Because Western Union is on the National Register of Historic Places, the restoration work was accomplished in accordance with the Secretary of the Interior's Standard for Historic Vessel Preservation Projects. Restoration funds were raised by private citizen contributions, the Monroe County Tourist Development Council, and local Key West businesses. The restoration project was overseen by Master Shipwright, Leon Poindexter, owner of Seaport Vessels, LLC. Poindexter and his crew had previous experience by the rebuilding of HMS Surprise used in the movie, Master & Commander: The Far Side of the World.

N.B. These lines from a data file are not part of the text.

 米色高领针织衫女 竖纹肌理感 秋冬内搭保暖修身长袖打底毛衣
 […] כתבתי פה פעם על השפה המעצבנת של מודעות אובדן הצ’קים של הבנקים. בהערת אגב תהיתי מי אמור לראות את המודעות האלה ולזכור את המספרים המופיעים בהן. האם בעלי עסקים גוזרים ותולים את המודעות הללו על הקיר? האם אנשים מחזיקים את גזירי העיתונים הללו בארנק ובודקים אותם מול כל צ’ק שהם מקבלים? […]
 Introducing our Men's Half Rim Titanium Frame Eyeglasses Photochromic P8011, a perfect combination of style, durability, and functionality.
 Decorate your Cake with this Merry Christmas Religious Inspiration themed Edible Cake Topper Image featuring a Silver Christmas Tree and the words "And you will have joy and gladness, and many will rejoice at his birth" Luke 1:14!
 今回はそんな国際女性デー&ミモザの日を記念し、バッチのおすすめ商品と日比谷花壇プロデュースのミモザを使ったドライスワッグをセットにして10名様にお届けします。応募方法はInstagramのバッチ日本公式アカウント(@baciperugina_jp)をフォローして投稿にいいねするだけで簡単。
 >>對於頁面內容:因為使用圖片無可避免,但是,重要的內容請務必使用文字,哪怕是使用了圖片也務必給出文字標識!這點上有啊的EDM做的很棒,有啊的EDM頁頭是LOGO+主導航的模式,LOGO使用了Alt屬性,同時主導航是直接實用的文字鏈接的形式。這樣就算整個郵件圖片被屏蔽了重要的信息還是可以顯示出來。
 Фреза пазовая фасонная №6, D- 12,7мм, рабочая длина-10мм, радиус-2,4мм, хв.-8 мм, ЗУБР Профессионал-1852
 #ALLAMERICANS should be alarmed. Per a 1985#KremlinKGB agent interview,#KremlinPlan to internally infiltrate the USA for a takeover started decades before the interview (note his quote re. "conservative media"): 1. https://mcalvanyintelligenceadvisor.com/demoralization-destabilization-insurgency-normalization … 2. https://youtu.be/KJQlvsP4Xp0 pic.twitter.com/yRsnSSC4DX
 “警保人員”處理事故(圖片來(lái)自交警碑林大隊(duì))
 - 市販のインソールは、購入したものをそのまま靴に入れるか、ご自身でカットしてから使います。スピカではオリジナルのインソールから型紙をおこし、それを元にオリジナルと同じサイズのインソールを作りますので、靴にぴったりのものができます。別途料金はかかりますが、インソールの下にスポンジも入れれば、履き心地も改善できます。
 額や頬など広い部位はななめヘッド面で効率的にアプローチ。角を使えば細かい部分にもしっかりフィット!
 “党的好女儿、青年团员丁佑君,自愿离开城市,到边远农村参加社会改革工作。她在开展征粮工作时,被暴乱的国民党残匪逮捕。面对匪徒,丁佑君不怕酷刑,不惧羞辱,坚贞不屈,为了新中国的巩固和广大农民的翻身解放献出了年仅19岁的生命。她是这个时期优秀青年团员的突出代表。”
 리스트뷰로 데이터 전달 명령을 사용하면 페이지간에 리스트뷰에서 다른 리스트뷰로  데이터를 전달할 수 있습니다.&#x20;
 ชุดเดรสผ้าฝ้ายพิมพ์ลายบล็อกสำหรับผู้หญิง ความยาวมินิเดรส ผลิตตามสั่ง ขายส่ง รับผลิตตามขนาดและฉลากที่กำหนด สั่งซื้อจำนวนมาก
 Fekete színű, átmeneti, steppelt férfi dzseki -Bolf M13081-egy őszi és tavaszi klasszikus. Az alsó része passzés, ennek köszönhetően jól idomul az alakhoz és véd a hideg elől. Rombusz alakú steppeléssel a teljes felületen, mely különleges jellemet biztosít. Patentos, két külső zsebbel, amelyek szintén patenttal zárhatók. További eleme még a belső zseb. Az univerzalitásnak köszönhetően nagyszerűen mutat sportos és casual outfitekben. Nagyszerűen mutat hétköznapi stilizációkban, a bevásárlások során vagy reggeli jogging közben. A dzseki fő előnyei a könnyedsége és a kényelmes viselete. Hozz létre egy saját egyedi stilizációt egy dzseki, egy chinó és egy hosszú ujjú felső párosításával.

Following an extensive restoration project, Western Union, the United States Coast Guard approved the final inspection of the ship in 2011, allowing her to resume passenger sailings.

After a failed Coast Guard inspection in 2014, repairs began again on the Western Union.

==Current operations==
The Western Union was for a time, undergoing repairs in Tarpon Springs, Florida at Marpro Marine Services, LLC. For many years, the ship was docked off of William Street in the Key West Bight (Historic Seaport). In 2019 after the death of chief restorers Bill Barry, Capt. Frank Holden and Richard Manley of Manley deBoer, the vessel was towed back to Key West without her masts, spars, and railings to be stored on the hard at Robbie's Marina on Stock Island, where she still sits today. In addition, the captain who was hired to oversee the restoration in Tarpon Springs was entirely unfamiliar with wooden boats and was ill-equipped for the responsibility.